Implementation:InternLM Lmdeploy Core Math
| Knowledge Sources | |
|---|---|
| Domains | GPU_Kernels, Math_Utilities |
| Last Updated | 2026-02-07 15:00 GMT |
Overview
Constexpr math utilities including ceiling division, rounding, integer log2, lowest-bit extraction, and a FastDivMod for branchless integer division on GPU.
Description
This header provides host-and-device constexpr math functions used throughout the TurboMind kernel library. ceil_div() / cdiv() compute ceiling division; round_up() rounds a value up to the nearest multiple; log2() computes integer base-2 logarithm; lowbit() extracts the lowest set bit. The FastDivMod<uint16_t> specialization implements the algorithm from "Division by Invariant Integers using Multiplication" (arXiv:1902.01961) for branchless division and modulo by a runtime divisor using only multiplication and bit shifts, avoiding expensive integer division instructions on the GPU.
Usage
Use ceil_div and round_up for grid/block dimension calculations.
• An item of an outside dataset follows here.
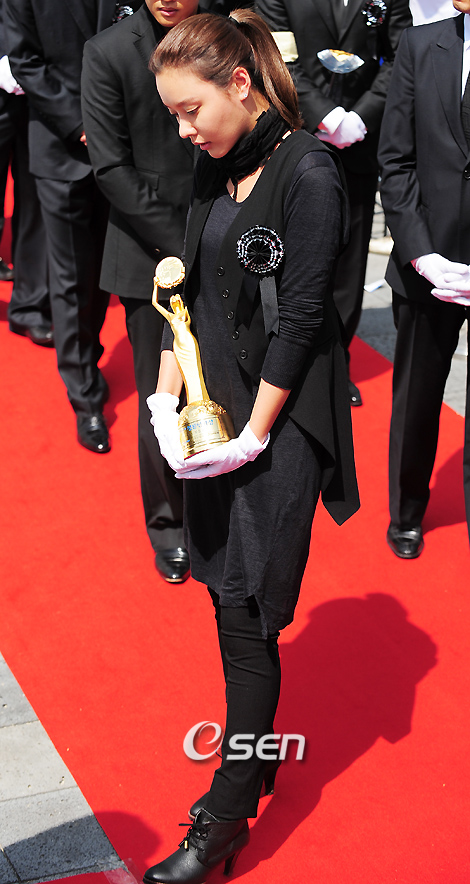 지난 1일 오후 37세의 꽃다운 나이에 세상과 이별한 톱스타 장진영의 장례식이 4일 오후 경기도 광주시 오포읍 신현리 '분당 스카이캐슬 추모공원'에서 엄숙하게 치러졌다. 장진영은 지난해 9월 위암 검진을 받고 투병생활에 들어갔으나 최근 암세포가 몸 전체로 퍼져 의식을 잃을 정도로 상태가 나빠졌다. 그 동안 장진영의 빈소에는 동료 연예인들과 팬들의 조문 행렬이 이어졌다. 김아중이 장진영의 트로피를 들고 추모식장으로 향하고 있다./광주(경기)=민경훈 기자 rumi@osen.co.kr
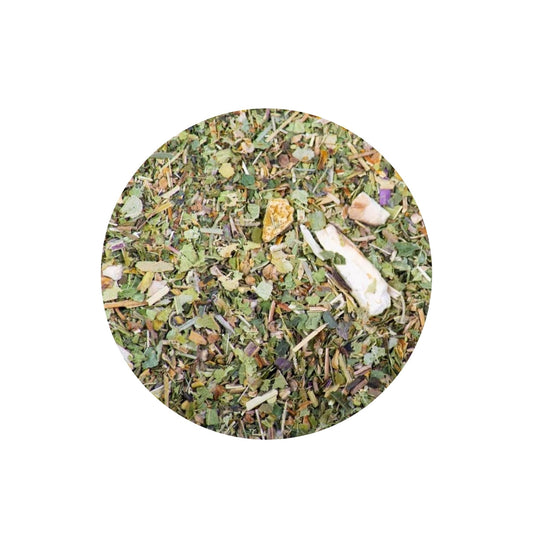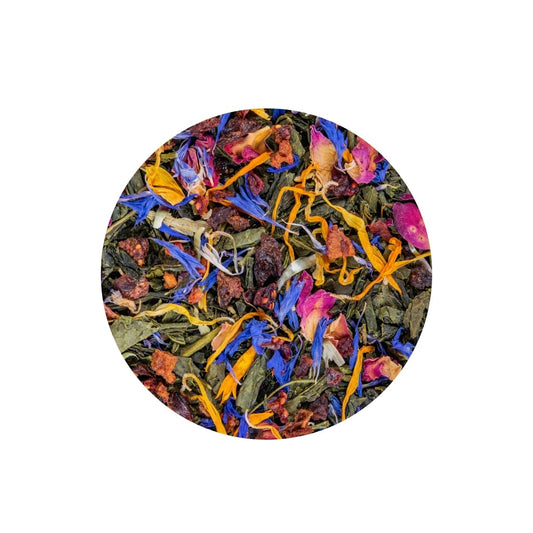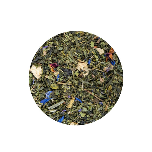 Rooibos, citron, noix de coco, pomme et feuilles de mûre

Use FastDivMod in inner loops or index calculations where dividing by a runtime-constant value is a performance bottleneck.
Code Reference
Source Location
- Repository: InternLM_Lmdeploy
- File: src/turbomind/kernels/core/math.h
Signature
template<class T> TM_HOST_DEVICE constexpr T ceil_div(T a, T b);
template<class T> TM_HOST_DEVICE constexpr T cdiv(T a, T b);
template<class T> TM_HOST_DEVICE constexpr T round_up(T a, T b);
template<class T> TM_HOST_DEVICE constexpr T log2(T x);
template<class T> TM_HOST_DEVICE constexpr T lowbit(T x);
template<>
struct FastDivMod<uint16_t> {
TM_HOST_DEVICE constexpr FastDivMod(uint16_t d);
template<class T> TM_HOST_DEVICE friend constexpr uint16_t operator/(T a, FastDivMod b);
template<class T> TM_HOST_DEVICE friend constexpr uint16_t operator%(T a, FastDivMod b);
};
Import
#include "src/turbomind/kernels/core/math.h"
I/O Contract
Inputs
| Name | Type | Required | Description |
|---|---|---|---|
| a | T | Yes | Dividend or value to round |
| b | T | Yes | Divisor or alignment boundary |
| d | uint16_t | Yes | Divisor for FastDivMod construction |
Outputs
| Name | Type | Description |
|---|---|---|
| ceil_div return | T | Ceiling of a / b |
| round_up return | T | a rounded up to the nearest multiple of b |
| operator/ return | uint16_t | Fast quotient a / d |
| operator% return | uint16_t | Fast remainder a % d |
Usage Examples
using namespace turbomind;
// Grid dimension calculation
int grid_x = ceil_div(num_tokens, block_size);
// Fast division in a kernel
FastDivMod<uint16_t> fast_div(head_dim);
uint16_t q = idx / fast_div;
uint16_t r = idx % fast_div;